The scary part is that anyone can get it, but it’s most commonly found in adult women between 40-60 years old. Caucasian people are more likely to find themselves diagnosed with it than any other race. The even scarier part is that there are many, many people who have CFS that haven’t been properly diagnosed with it.

The symptoms are pretty straightforward. If you experience any of the following, you may want to consult your doctor straight away:

  • Severe fatigue that is not improved by rest
  • Sleep problems
  • Post-exertional malaise (PEM), where your symptoms get worse after any physical or mental activity
  • Pain
  • Dizziness
  • Loss of memory or concentration
  • Sore throat
  • Enlarged lymph nodes in your neck or armpits
  • Unexplained muscle or joint pain
  • Headache
  • Extreme exhaustion lasting more than 24 hours after physical or mental exercise

Here’s the ridiculous thing — CFS can be unpredictable.
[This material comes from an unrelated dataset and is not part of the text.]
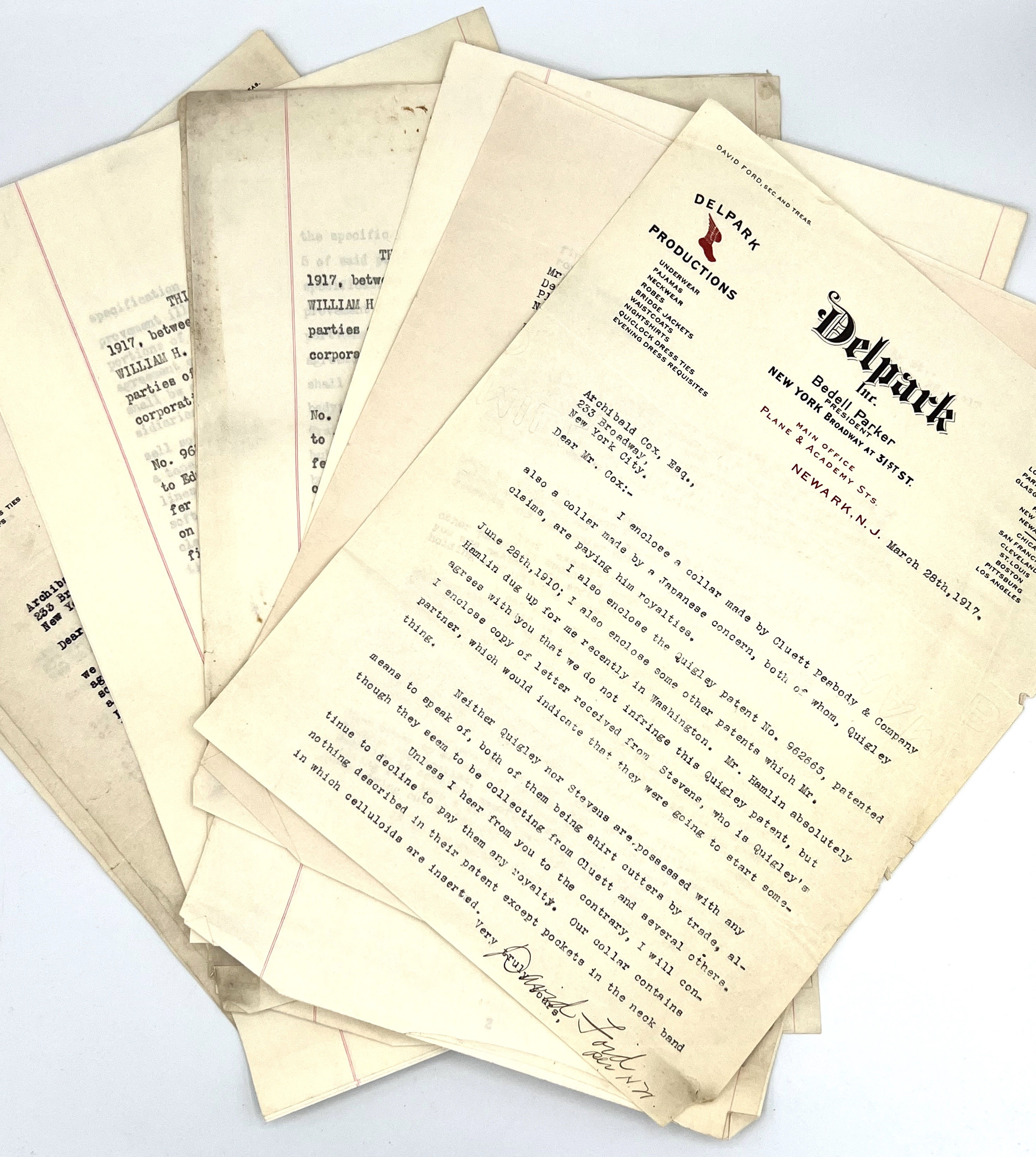 Newark, NJ, 1917-1919. 13 pages. 4 pages from Delpark Inc., a NY-based clothing company seeking a patent to manufacture a new shirt collar. Letters show clothing company owner trying to contact a solicitor to investigate the patents of its creator. Delpark seeks, in these documents, to purchase the collar's patent from the inventor, Edward J. Quigley, and his partner, William H. Stevens. 7 pages delineate the agreement between the two parties, permitting Delpark to make and sell the collar. 2 pages are a letter from Stevens, previous to the agreement, warning Delpark of infringing on the royalties of Quigley's invention. An article in The Haberdasher, January 1921, page 67, Turning a Byway Into a Buy Way - reports of the shop Edward J. Quigley & Co. is located at Astor Court, a private thoroughfare beside the Waldorf-Astoria, Mr. Quigley and his vice-president of the firm, William H. Stevens, fit custom-made shirts.

Symptoms may come and go. Some days, you may feel better. Other days, it can be more miserable than you would expect. To add insult to injury, it’s difficult to diagnose too. There are tons of other illnesses that have similar symptoms. You have to rule out pretty much all types of other diseases before a diagnosis can be made because there is simply no test for CFS.

Unfortunately, there are no known cures or even approved treatments for CFS at this time. But that doesn’t mean all hope is lost! Symptoms can be treated or managed. With some patience and fortitude, you, along with your health care provider and family, can come up with a plan to figure things out. It’s a good idea to observe which symptoms cause you the most grief and start there. Adapt new ways of managing your daily activities. Find out what is “too much” for you and don’t do whatever pushes you too far, especially on days when you feel better. Many people make the mistake of overexerting themselves on their “good” days and end up making their bad days worse.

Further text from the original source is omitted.